━━━ THE DATA

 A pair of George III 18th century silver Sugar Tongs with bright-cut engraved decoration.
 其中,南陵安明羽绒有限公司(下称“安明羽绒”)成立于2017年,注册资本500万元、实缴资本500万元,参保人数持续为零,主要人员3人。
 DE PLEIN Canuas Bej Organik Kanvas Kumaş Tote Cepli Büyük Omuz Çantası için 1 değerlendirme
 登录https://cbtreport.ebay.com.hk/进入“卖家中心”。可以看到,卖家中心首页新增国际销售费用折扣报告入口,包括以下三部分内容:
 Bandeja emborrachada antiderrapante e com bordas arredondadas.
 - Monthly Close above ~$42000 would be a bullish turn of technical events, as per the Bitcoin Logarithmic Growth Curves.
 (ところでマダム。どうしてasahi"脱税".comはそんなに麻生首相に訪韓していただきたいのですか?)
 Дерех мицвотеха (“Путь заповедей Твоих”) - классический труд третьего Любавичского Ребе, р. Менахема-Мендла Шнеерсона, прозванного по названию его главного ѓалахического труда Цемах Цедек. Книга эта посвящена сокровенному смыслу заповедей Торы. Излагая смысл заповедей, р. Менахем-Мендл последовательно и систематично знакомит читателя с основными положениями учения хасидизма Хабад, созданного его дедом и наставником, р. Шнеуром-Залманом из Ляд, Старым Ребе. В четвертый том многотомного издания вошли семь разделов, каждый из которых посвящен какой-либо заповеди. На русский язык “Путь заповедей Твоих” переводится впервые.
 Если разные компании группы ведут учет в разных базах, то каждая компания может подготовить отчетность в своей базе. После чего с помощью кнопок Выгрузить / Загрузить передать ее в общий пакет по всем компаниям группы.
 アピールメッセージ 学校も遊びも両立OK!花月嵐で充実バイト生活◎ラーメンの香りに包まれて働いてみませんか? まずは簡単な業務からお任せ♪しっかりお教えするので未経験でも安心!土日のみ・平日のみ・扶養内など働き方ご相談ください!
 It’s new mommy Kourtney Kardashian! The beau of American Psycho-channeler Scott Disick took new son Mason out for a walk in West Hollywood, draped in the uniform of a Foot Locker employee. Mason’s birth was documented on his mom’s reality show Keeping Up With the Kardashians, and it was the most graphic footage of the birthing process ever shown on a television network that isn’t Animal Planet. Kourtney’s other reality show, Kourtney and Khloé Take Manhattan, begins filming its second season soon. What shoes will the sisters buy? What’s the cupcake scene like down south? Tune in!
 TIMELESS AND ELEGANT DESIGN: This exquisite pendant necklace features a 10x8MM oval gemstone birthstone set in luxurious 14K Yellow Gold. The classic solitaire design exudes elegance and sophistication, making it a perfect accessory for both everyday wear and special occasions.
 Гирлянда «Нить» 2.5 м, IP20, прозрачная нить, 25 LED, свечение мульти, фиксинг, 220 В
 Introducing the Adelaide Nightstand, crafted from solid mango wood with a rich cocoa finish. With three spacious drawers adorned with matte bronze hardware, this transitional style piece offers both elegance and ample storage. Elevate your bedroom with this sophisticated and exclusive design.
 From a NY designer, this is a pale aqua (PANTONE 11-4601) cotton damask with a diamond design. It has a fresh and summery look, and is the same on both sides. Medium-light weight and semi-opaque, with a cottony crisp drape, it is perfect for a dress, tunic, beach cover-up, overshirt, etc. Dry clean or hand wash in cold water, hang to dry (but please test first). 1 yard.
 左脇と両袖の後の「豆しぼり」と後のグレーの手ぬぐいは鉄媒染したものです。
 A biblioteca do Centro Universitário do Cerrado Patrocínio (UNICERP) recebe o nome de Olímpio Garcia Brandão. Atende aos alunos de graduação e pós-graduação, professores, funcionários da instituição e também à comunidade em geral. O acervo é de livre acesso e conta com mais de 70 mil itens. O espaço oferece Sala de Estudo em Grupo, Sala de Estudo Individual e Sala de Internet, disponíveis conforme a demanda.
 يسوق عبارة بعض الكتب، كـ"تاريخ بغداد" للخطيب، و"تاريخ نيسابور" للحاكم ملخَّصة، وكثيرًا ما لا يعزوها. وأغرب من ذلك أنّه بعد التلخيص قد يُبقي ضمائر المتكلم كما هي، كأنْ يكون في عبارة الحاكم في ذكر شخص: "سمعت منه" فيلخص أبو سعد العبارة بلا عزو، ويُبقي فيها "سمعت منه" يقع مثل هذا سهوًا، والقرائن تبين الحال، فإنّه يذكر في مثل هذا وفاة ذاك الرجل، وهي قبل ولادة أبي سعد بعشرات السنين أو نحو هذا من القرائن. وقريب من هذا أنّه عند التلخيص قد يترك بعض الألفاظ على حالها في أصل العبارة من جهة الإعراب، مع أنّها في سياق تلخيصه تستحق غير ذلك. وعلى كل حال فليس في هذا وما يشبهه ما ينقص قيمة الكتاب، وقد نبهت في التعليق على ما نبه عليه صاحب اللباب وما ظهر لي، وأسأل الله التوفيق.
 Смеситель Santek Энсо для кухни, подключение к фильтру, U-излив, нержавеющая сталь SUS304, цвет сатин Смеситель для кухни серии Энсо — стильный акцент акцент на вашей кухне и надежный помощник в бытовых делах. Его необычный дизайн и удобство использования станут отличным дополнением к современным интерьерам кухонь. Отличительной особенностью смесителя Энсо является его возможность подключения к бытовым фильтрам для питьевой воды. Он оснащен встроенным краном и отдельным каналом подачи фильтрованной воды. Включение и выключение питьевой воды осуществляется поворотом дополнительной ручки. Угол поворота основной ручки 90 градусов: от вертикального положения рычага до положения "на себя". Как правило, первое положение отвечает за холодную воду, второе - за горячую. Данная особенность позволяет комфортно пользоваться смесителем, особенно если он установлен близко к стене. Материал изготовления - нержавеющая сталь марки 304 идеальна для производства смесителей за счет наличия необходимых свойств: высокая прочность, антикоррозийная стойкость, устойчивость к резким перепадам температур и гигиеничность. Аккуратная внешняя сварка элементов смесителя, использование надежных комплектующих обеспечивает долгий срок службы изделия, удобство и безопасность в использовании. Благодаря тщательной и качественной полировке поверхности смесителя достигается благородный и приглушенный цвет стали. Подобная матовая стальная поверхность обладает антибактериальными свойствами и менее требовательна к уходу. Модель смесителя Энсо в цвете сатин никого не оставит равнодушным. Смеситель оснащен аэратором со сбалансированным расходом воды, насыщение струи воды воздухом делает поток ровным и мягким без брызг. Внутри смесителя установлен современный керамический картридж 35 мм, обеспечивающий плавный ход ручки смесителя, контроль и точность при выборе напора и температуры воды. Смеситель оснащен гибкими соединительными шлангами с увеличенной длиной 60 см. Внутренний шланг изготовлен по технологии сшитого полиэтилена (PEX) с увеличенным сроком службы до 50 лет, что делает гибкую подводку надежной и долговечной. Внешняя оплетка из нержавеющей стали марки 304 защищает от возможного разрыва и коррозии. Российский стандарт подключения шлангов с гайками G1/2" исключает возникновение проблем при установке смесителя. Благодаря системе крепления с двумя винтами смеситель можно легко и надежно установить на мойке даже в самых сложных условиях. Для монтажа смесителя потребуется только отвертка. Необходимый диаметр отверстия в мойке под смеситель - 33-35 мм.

━━━━━━

Extract the whole listing, character for character.

**RESULT OF THIS TASK**.
 A pair of George III 18th century silver Sugar Tongs with bright-cut engraved decoration.
 其中,南陵安明羽绒有限公司(下称“安明羽绒”)成立于2017年,注册资本500万元、实缴资本500万元,参保人数持续为零,主要人员3人。
 DE PLEIN Canuas Bej Organik Kanvas Kumaş Tote Cepli Büyük Omuz Çantası için 1 değerlendirme
 登录https://cbtreport.ebay.com.hk/进入“卖家中心”。可以看到,卖家中心首页新增国际销售费用折扣报告入口,包括以下三部分内容:
 Bandeja emborrachada antiderrapante e com bordas arredondadas.
 - Monthly Close above ~$42000 would be a bullish turn of technical events, as per the Bitcoin Logarithmic Growth Curves.
 (ところでマダム。どうしてasahi"脱税".comはそんなに麻生首相に訪韓していただきたいのですか?)
 Дерех мицвотеха (“Путь заповедей Твоих”) - классический труд третьего Любавичского Ребе, р. Менахема-Мендла Шнеерсона, прозванного по названию его главного ѓалахического труда Цемах Цедек. Книга эта посвящена сокровенному смыслу заповедей Торы. Излагая смысл заповедей, р. Менахем-Мендл последовательно и систематично знакомит читателя с основными положениями учения хасидизма Хабад, созданного его дедом и наставником, р. Шнеуром-Залманом из Ляд, Старым Ребе. В четвертый том многотомного издания вошли семь разделов, каждый из которых посвящен какой-либо заповеди. На русский язык “Путь заповедей Твоих” переводится впервые.
 Если разные компании группы ведут учет в разных базах, то каждая компания может подготовить отчетность в своей базе. После чего с помощью кнопок Выгрузить / Загрузить передать ее в общий пакет по всем компаниям группы.
 アピールメッセージ 学校も遊びも両立OK!花月嵐で充実バイト生活◎ラーメンの香りに包まれて働いてみませんか? まずは簡単な業務からお任せ♪しっかりお教えするので未経験でも安心!土日のみ・平日のみ・扶養内など働き方ご相談ください!
 It’s new mommy Kourtney Kardashian! The beau of American Psycho-channeler Scott Disick took new son Mason out for a walk in West Hollywood, draped in the uniform of a Foot Locker employee. Mason’s birth was documented on his mom’s reality show Keeping Up With the Kardashians, and it was the most graphic footage of the birthing process ever shown on a television network that isn’t Animal Planet. Kourtney’s other reality show, Kourtney and Khloé Take Manhattan, begins filming its second season soon. What shoes will the sisters buy? What’s the cupcake scene like down south? Tune in!
 TIMELESS AND ELEGANT DESIGN: This exquisite pendant necklace features a 10x8MM oval gemstone birthstone set in luxurious 14K Yellow Gold. The classic solitaire design exudes elegance and sophistication, making it a perfect accessory for both everyday wear and special occasions.
 Гирлянда «Нить» 2.5 м, IP20, прозрачная нить, 25 LED, свечение мульти, фиксинг, 220 В
 Introducing the Adelaide Nightstand, crafted from solid mango wood with a rich cocoa finish. With three spacious drawers adorned with matte bronze hardware, this transitional style piece offers both elegance and ample storage. Elevate your bedroom with this sophisticated and exclusive design.
 From a NY designer, this is a pale aqua (PANTONE 11-4601) cotton damask with a diamond design. It has a fresh and summery look, and is the same on both sides. Medium-light weight and semi-opaque, with a cottony crisp drape, it is perfect for a dress, tunic, beach cover-up, overshirt, etc. Dry clean or hand wash in cold water, hang to dry (but please test first). 1 yard.
 左脇と両袖の後の「豆しぼり」と後のグレーの手ぬぐいは鉄媒染したものです。
 A biblioteca do Centro Universitário do Cerrado Patrocínio (UNICERP) recebe o nome de Olímpio Garcia Brandão. Atende aos alunos de graduação e pós-graduação, professores, funcionários da instituição e também à comunidade em geral. O acervo é de livre acesso e conta com mais de 70 mil itens. O espaço oferece Sala de Estudo em Grupo, Sala de Estudo Individual e Sala de Internet, disponíveis conforme a demanda.
 يسوق عبارة بعض الكتب، كـ"تاريخ بغداد" للخطيب، و"تاريخ نيسابور" للحاكم ملخَّصة، وكثيرًا ما لا يعزوها. وأغرب من ذلك أنّه بعد التلخيص قد يُبقي ضمائر المتكلم كما هي، كأنْ يكون في عبارة الحاكم في ذكر شخص: "سمعت منه" فيلخص أبو سعد العبارة بلا عزو، ويُبقي فيها "سمعت منه" يقع مثل هذا سهوًا، والقرائن تبين الحال، فإنّه يذكر في مثل هذا وفاة ذاك الرجل، وهي قبل ولادة أبي سعد بعشرات السنين أو نحو هذا من القرائن. وقريب من هذا أنّه عند التلخيص قد يترك بعض الألفاظ على حالها في أصل العبارة من جهة الإعراب، مع أنّها في سياق تلخيصه تستحق غير ذلك. وعلى كل حال فليس في هذا وما يشبهه ما ينقص قيمة الكتاب، وقد نبهت في التعليق على ما نبه عليه صاحب اللباب وما ظهر لي، وأسأل الله التوفيق.
 Смеситель Santek Энсо для кухни, подключение к фильтру, U-излив, нержавеющая сталь SUS304, цвет сатин Смеситель для кухни серии Энсо — стильный акцент акцент на вашей кухне и надежный помощник в бытовых делах. Его необычный дизайн и удобство использования станут отличным дополнением к современным интерьерам кухонь. Отличительной особенностью смесителя Энсо является его возможность подключения к бытовым фильтрам для питьевой воды. Он оснащен встроенным краном и отдельным каналом подачи фильтрованной воды. Включение и выключение питьевой воды осуществляется поворотом дополнительной ручки. Угол поворота основной ручки 90 градусов: от вертикального положения рычага до положения "на себя". Как правило, первое положение отвечает за холодную воду, второе - за горячую. Данная особенность позволяет комфортно пользоваться смесителем, особенно если он установлен близко к стене. Материал изготовления - нержавеющая сталь марки 304 идеальна для производства смесителей за счет наличия необходимых свойств: высокая прочность, антикоррозийная стойкость, устойчивость к резким перепадам температур и гигиеничность. Аккуратная внешняя сварка элементов смесителя, использование надежных комплектующих обеспечивает долгий срок службы изделия, удобство и безопасность в использовании. Благодаря тщательной и качественной полировке поверхности смесителя достигается благородный и приглушенный цвет стали. Подобная матовая стальная поверхность обладает антибактериальными свойствами и менее требовательна к уходу. Модель смесителя Энсо в цвете сатин никого не оставит равнодушным. Смеситель оснащен аэратором со сбалансированным расходом воды, насыщение струи воды воздухом делает поток ровным и мягким без брызг. Внутри смесителя установлен современный керамический картридж 35 мм, обеспечивающий плавный ход ручки смесителя, контроль и точность при выборе напора и температуры воды. Смеситель оснащен гибкими соединительными шлангами с увеличенной длиной 60 см. Внутренний шланг изготовлен по технологии сшитого полиэтилена (PEX) с увеличенным сроком службы до 50 лет, что делает гибкую подводку надежной и долговечной. Внешняя оплетка из нержавеющей стали марки 304 защищает от возможного разрыва и коррозии. Российский стандарт подключения шлангов с гайками G1/2" исключает возникновение проблем при установке смесителя. Благодаря системе крепления с двумя винтами смеситель можно легко и надежно установить на мойке даже в самых сложных условиях. Для монтажа смесителя потребуется только отвертка. Необходимый диаметр отверстия в мойке под смеситель - 33-35 мм.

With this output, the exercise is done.